Metadata repository
A metadata repository is a data store for metadata. It is the aggregation of a wide range of metadata from across your agency.
Bringing your individual repositories together to develop a central repository of metadata can be beneficial. It allows consumers to look across all of your agency's available information from one point.
TIP: technologies such as ETL have their own metadata repository. Don't forget to integrate these when creating a central repository.
Metadata harvesting
Metadata harvesting tools and protocols can assist agencies in indexing large batches of metadata records.
Metadata harvesting uses automated tools to collect metadata descriptions from diverse sources such as catalogues, websites and other repositories. The Open Archives Initiative protocol for Metadata Harvesting (OAI-PMH) is an example of a protocol or Application Programming Interface (API) for harvesting data. It supports aggregating data from multiple sources into one collection.
Metadata for publication and exchange
Your agency can enhance metadata management to support publication and exchange of data by:
- implementing centralised metadata repositories
- updating metadata files to align with standards used at other agencies.
Many approaches to designing and implementing metadata exchange across your agency are available. Metadata architecture can be planned so that it facilitates this exchange. Consult with your internal specialists to determine which solutions work best for your agency.
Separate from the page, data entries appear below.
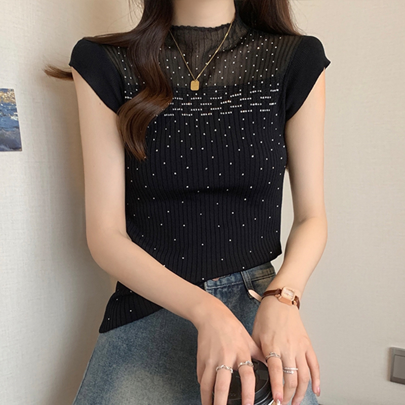 PF1578#大码女装春夏新款设计感外套内搭重工烫钻背心无袖针织衫上衣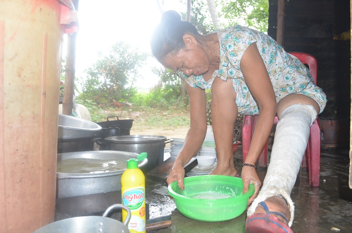 Bà Hoa tâm sự, do chân bị băng bột nên nhiều lúc đi đứng bị té ngã, tối về đau nhức suốt đêm không ngủ được. Nhiều lúc chán nản, định bỏ cuộc nhưng nghĩ tới chồng, con nên phải cố gắng. |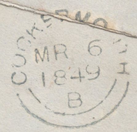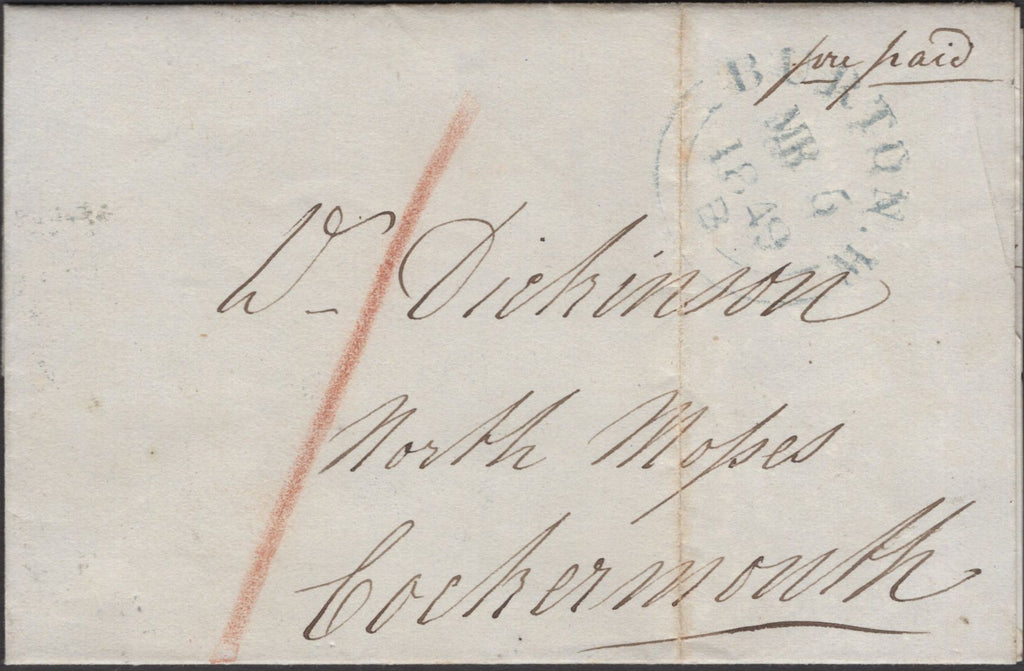 1849 MAIL HOLME, WESTMORLAND TO COCKERMOUTH WITH 'HOLME' AND 'LAMPLUGH' UDCS. Fine letter from 'Holme, near Burton Westmorland' to 'Mr Dickinson, North Mofses, Cockermouth' with post paid '1' and on front 'BURTON.W' date stamp MR 5 1849 in blue-green (WE151). On reverse fine strikes 'HOLME' udc in blue, 'LAMPLUGH' udc in dark blue and 'COCKERMOUTH' date stamp MR 6 1849. Fine usage. (Ref 138153).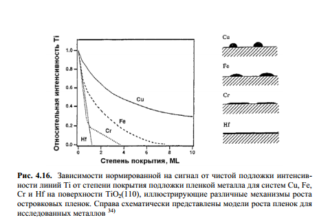 При послойном росте зависимость интенсивности спектральных линий адсорбата/конденсата и подложки от степени заполнения поверхности является линейной, и при достижении θ=1 линия от атомов подложки полностью исчезает. При островковом росте затенение сигнала подложки происходит значительно медленнее.
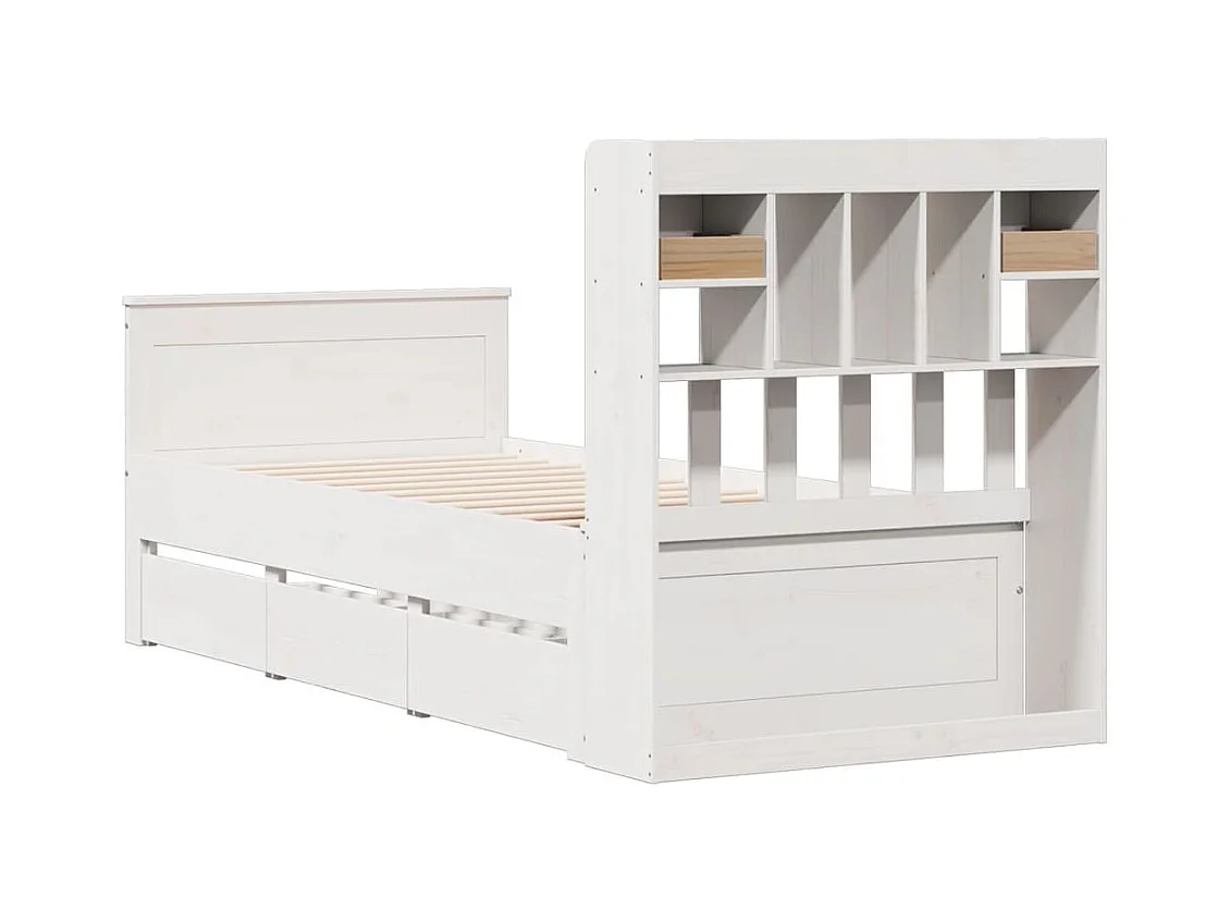 Lit bibliothèque sans matelas blanc 90x200cm bois de pin massif

Common architectural approaches include:
-
Centralised metadata architecture
This involves copying metadata information from other applications and replicating it in a centralised repository. Users can perform global searches through a single application.
- Strengths:
- metadata information is accessed from one point
- opportunity for improving metadata quality by aggregating and transforming metadata sources into one standard
- prompt query retrieval
- manual metadata entry is possible.
- Limitations:
- complex maintenance and version control
- challenging tasks such as rapid replication or synchronisation of metadata
- custom code may be required to integrate metadata into the centralised repository's schema.
-
Distributed metadata architecture
This consists of an application that retrieves data from source metadata in real-time, when a user requests information. There is no centralised repository. The intermediary application uses source catalogues to determine which repository to request information from.
- Strengths:
- no maintenance or version control required as the metadata is from the source
- processing is reduced as there is no metadata replication and queries are distributed among different sources.
- Limitations:
- metadata sources may not adhere to the same standards. Custom code may be required to retrieve the different metadata structures
- capture of additional metadata from external repositories can be difficult.
-
Hybrid metadata architecture
This uses a combination of centralised and distributed metadata architecture. It provides both real-time access and allows manual entry of metadata.
- Strengths:
- metadata information is accessed from one point in real-time
- metadata can be added to the repository
- manual metadata entry is possible
- by adding metadata you can implement version control
- metadata quality can be improved by users.
- Limitations:
- dependent on source metadata repositories being available.